Background information
- Origin: Dublin, Ireland
- Genres: pop rock, pop, alternative rock
- Years active: 2016–present
- Members: David Whelan; Conor O'Donohoe; Ed Porter; Callum McAdam;

= Wild Youth (band) =

Irish indie pop band

Wild Youth are an Irish pop band formed in Dublin in 2016, consisting of members David Whelan, Conor O'Donohoe, Ed Porter and Callum McAdam. They represented Ireland in the Eurovision Song Contest 2023 with the song "We Are One".

== Career ==
Conor O'Donohoe and David Whelan have been friends since childhood, and recorded covers together before the band's formation, having started making music after O'Donohoe suffered an accident which left him bedridden for several months. The duo founded Wild Youth alongside drummer Callum McAdam (formerly of Bipolar Empire) and guitarist Edward Porter (formerly of Leaders of Men) in 2016 in Dublin.
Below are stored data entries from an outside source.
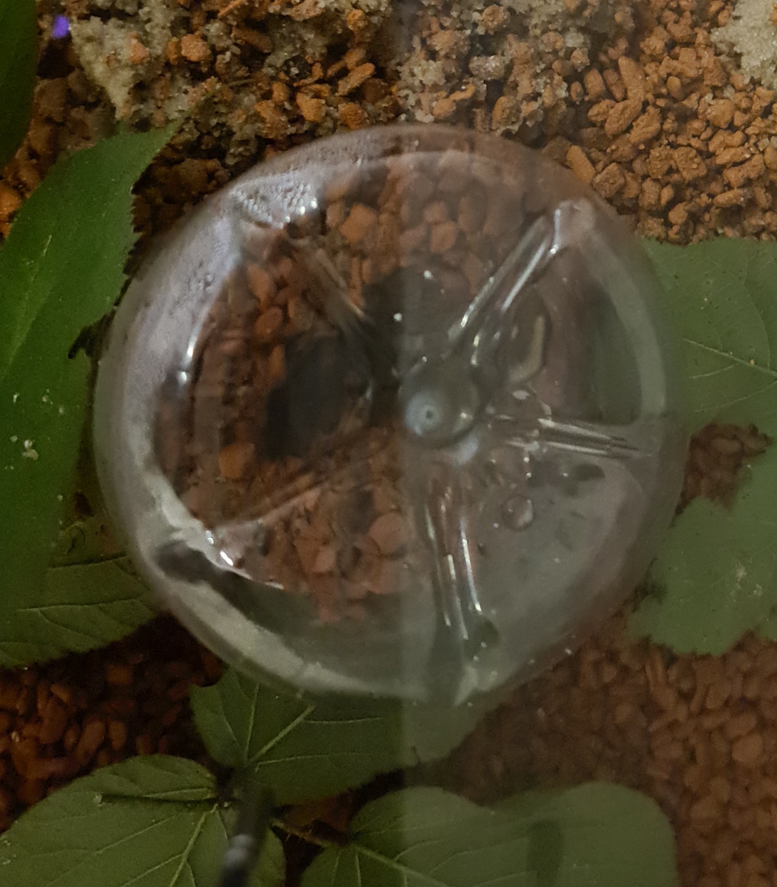 Ihnen scheint mein Setting zu bekommen und sind fleißig dabei zu Bauen. Ich verstehe nur nicht ganz was Sie bauen. Um ideale Feuchtigkeit zu gewährleisten habe ich den Pilz unter ein PET-Flaschenende gesetzt. Die Attas bauen jetzt auf dem Pilz. Haben Seramis und Sand aufgeschichtet. Pilz und VG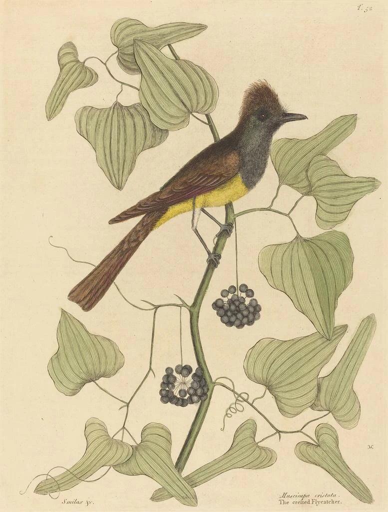 Le Moucherolle huppé Muscicapa cristata - Mark Catesby
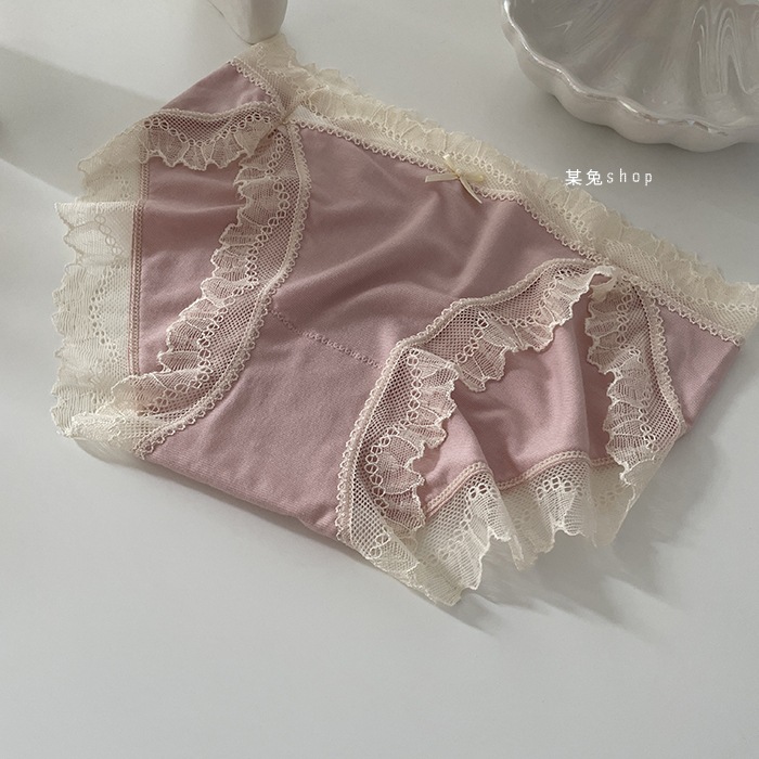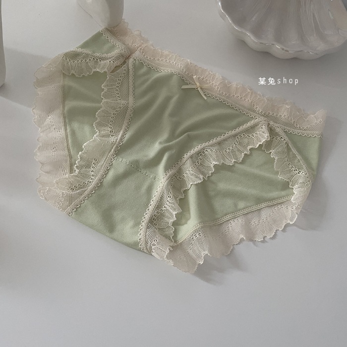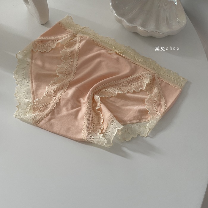 일본식 모달 속옷 여성용 로우 웨이스트 하이 포크 레이스 에지 소녀의 캔디 컬러 순면 가랑이 팬티 여성용 팬티스토어 가기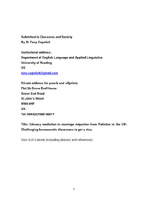 Capstick, T. ORCID: https://orcid.org/0000-0002-5145-7903 (2016) Literacy mediation in marriage migration from Pakistan to the United Kingdom: appropriating bureaucratic discourses to get a visa. Discourse and Society, 27 (5). pp. 481-499. ISSN 0957-9265 doi: 10.1177/0957926516651220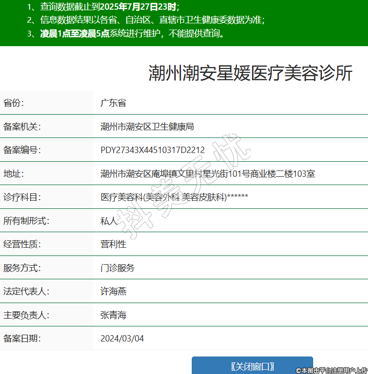 潮州潮安星媛医疗美容诊所,诊疗科目:医疗美容科(美容外科 美容皮肤科)******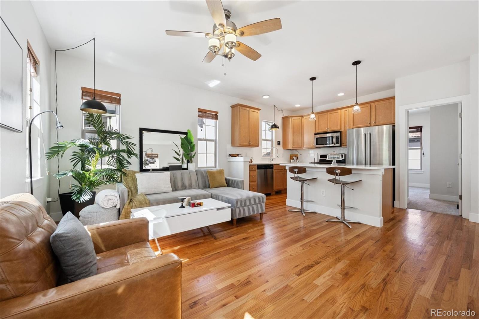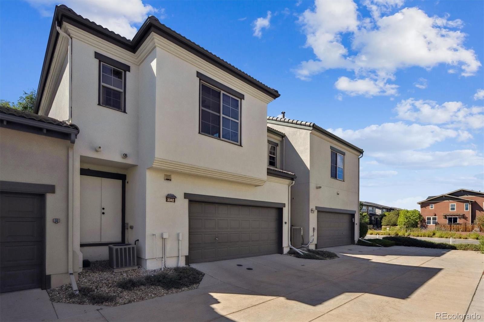 Welcome to 3342 Central Park Boulevard, a distinctive Mission-style casita nestled in the heart of Denver, Colorado. This property offers a unique blend of comfort and convenience, embodying the essence of a single-family detached home while sharing minimal wall space via the garage. It really feels and lives like a Single Family Home. With 959 square feet of thoughtfully designed living space, this home features two bedrooms and two bathrooms, perfect for first time home owners, investors, and those looking to downsize and seeking a cozy, lock-and-leave lifestyle. Upon entering, you'll be greeted by arched front doors and a quaint courtyard that exudes charm and tranquility. The Spanish roof tiles add a touch of elegance to the exterior, complementing the home's architectural style. Inside, the great room and kitchen are situated on the top floor, providing a serene, treehouse-like ambiance that is both private and inviting. Located just one block from the expansive 80-acre Central Park, this property offers easy access to miles of trails, ideal for outdoor enthusiasts. The proximity to the light rail station and A-line ensures seamless connectivity to downtown Denver and the airport, making commuting a breeze. Nearby amenities include FlyteCo Brewing, Sprouts Farmers Market, Natural Grocers, Panda Coffee House, and Quebec Square, home to establishments like Crumbl Cookies, Runners Roost, Home Depot, Panera, and Sam's Club. This home is designed for those who appreciate the convenience of no yard work, allowing you to focus on enjoying the vibrant surroundings. Whether you're exploring the local shops or taking a leisurely stroll through the park, 3342 Central Park Boulevard provides the perfect balance of urban living and natural beauty. This property is now available for sale, offering a rare opportunity to live in Central Park, a well-planned community with top ranked schools. Experience the charm and convenience of this one-of-a-kind home today.

The members write and produce their songs alone. Their debut single, "All or Nothing", was released in May 2017, with a music video following on 22 June. A number of tracks were released after it, which became hits in Ireland. Following its success, the band opened for Niall Horan, Lewis Capaldi and Westlife. In 2019, their first mini-album, The Last Goodbye, was released. The Last Goodbye debuted at number five on the Irish Albums Chart.
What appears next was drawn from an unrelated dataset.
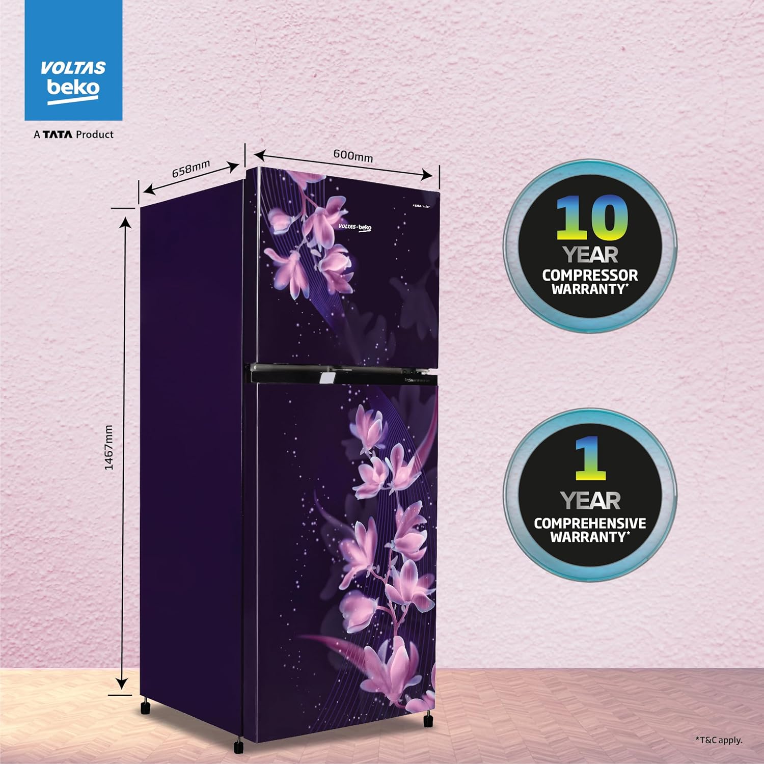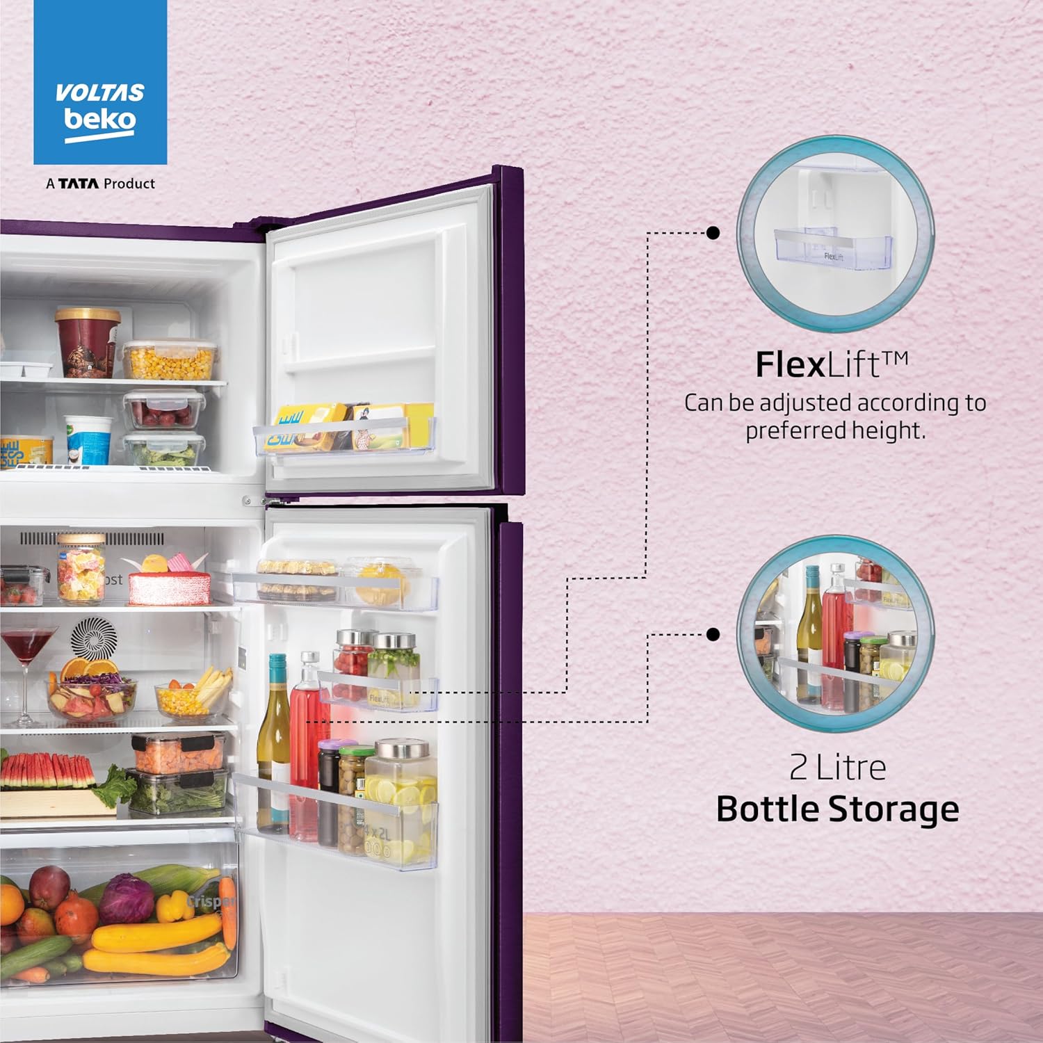 Voltas Beko ‘A TATA Product’ 228 L 2 star Frost free Refrigerator with two separate cooling system (RFF265D/W0NPR0I0000GO, Nightangel Purple)

On 9 January 2023, Wild Youth were announced as a competitor in Eurosong 2023, Ireland's national final for the Eurovision Song Contest 2023, with their song "We Are One". At the national final, they won both the national jury voting and the televote, earning the right to represent Ireland. In the run-up to the contest, the band cut ties with their creative director Ian Banham following the emergence of transphobic, anti-vaccine and xenophobic comments he had made on Twitter. Lead singer Conor O'Donohoe posted that he "felt sick" reading the comments, and in a statement, the band stated that "Wild Youth is a band that stands for unity and kindness", and that Banham would not be "on or near [their] team" for Eurovision. At Eurovision, they participated in the first semi-final on 9 May 2023, failing to qualify for the final.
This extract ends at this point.